Reanalyzing my genome with DRAGEN 4.4 to better understand the genetic component of my Type 1 Diabetes.

⚡ TL;DR

DRAGEN 4.4 gave me a more accurate HLA call, and my new Type 1 Diabetes Genomics Report makes it super easy to understand my HLA / Variants Risk.

🎯 The Goal

As someone with Type 1 Diabetes who also works in the genomics industry, I have a deep fascination with the genetic component of my Type 1 Diabetes.

I am lucky enough to have had my own genome sequenced and have had a first pass at trying to interpret my own genome.

In summary, my initial analysis focused on just the HLA component of my genome, a region relevant to auto-immunity.

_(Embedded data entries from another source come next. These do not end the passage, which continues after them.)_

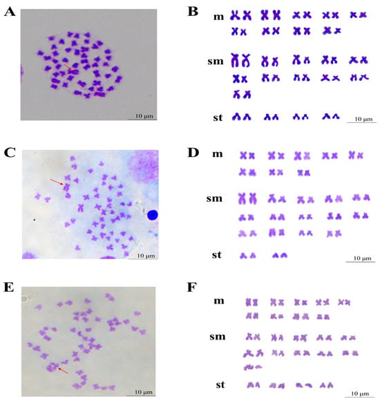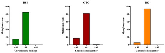The results indicated that 85% of BSB cells had 48 chromosomes, following a karyotype formula of 18m + 22sm + 8st (Figure 4A,B). In 82% of GTC cells, there were 48 chromosomes in the division phase, with a karyotype formula of 16m + 28sm + 4st (Figure 4C,D). In 94% of BG cells, there were 48 chromosomes in the division phase, with a karyotype formula of 18m + 22sm + 8st (Figure 4E,F). The chromosome number and karyotype of BG were identical to those of BSB.
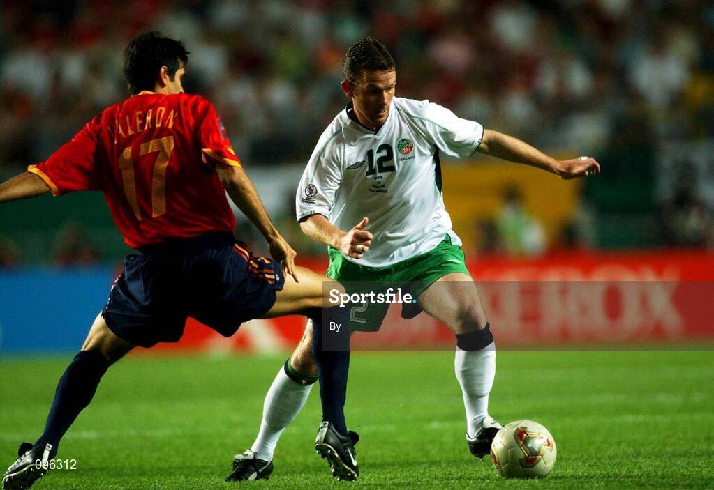 16 June 2002; Mark Kinsella, Republic of Ireland in action against Juan Valeron, Spain, FIFA World Cup Finals, Group E, Republic of Ireland v Spain, Suwon World Cup stadium, Suwon, Korea. Cup2002. Soccer. Picture credit; David Maher / SPORTSFILE *EDI*
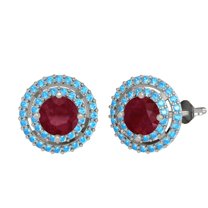 Kök yakut ve akuamarin 14 ayar beyaz altın küpe

But my initial analysis left me stumped. I had a very unusual set of HLA genes that made even less sense considering I had Type 1 Diabetes.

And what about other important variants related to type 1 diabetes, not just HLA?

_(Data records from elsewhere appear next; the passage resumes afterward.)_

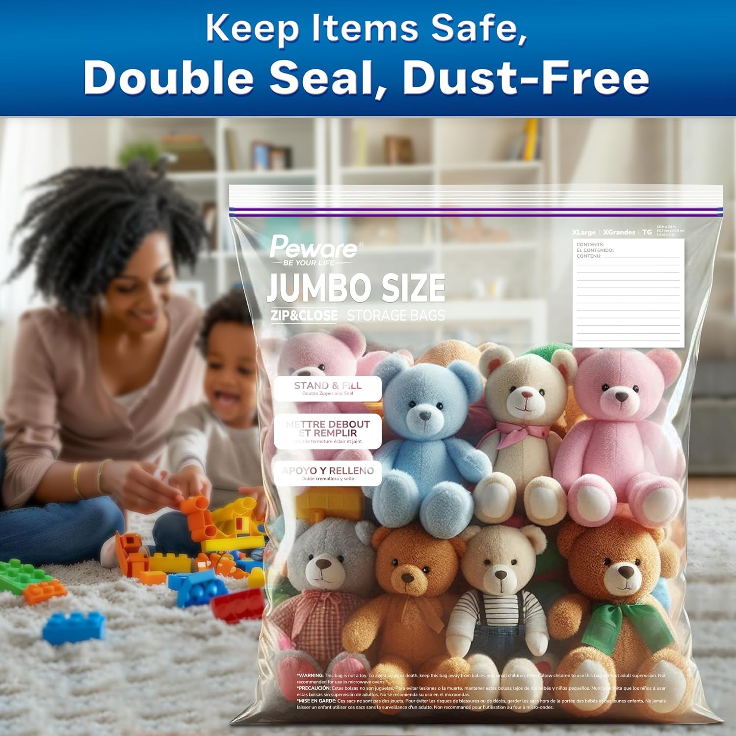 - EXTRA LARGE 18X24 INCHES SIZE: Perfect for storing bulky items like blankets, pillows, or large batches of food. With a 5-gallon capacity, these bags are the ultimate solution for heavy-duty storage needs.
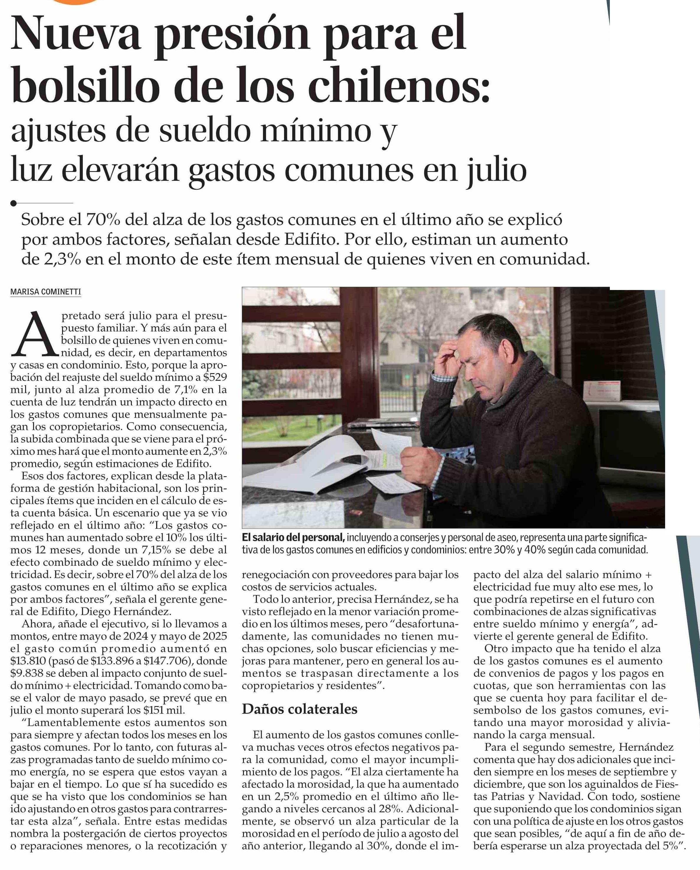 Nueva presión para el bolsillo de los chilenos: ajustes de sueldo mínimo y luz elevarán gastos comunes en julio 23-06-2025 El Mercurio |
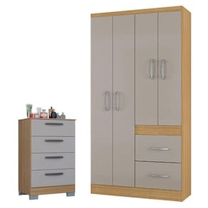 Cômoda 867 4 Gavetas com Guarda Roupa Solteiro Milão 4 Portas Damasco Off White - Poquema
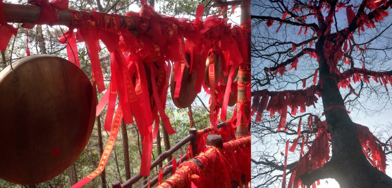 A proximité de la ville, nous avons eu la chance de découvrir le Mont Tianmen (qui se traduit littéralement par « Montagne de la Porte du Ciel »). Pour accéder au sommet, il y a deux options : un téléphérique très raide ou une route de 11 km comprenant 99 virages. On y voit plusieurs temples, une arche naturelle et un nombre incalculable de sentiers autour des falaises. L’atmosphère brumeuse donne un coté mystérieux et enchanteur.

Unlike diseases like sickle cell disease, which are a single letter change among 3 billion nucleotides, diseases like Type 1 Diabetes are surprisingly more complex.

I knew as the technology and research got better, there would be more I could learn from my own genome.

For that reason, I have been looking forward to re-analyzing my own genome, and making it easier to understand my own results.

This post will go over my attempt at re-analysis, the open source repository I published to generate the type 1 diabetes genomics report, and what I think could be next.

View the Demo Report | GitHub Repository

Note: This is a follow-up to my 2023 post where I first explored my genome looking for T1D variants. This time I looked at more than just HLA, and built something that produces a comprehensive report.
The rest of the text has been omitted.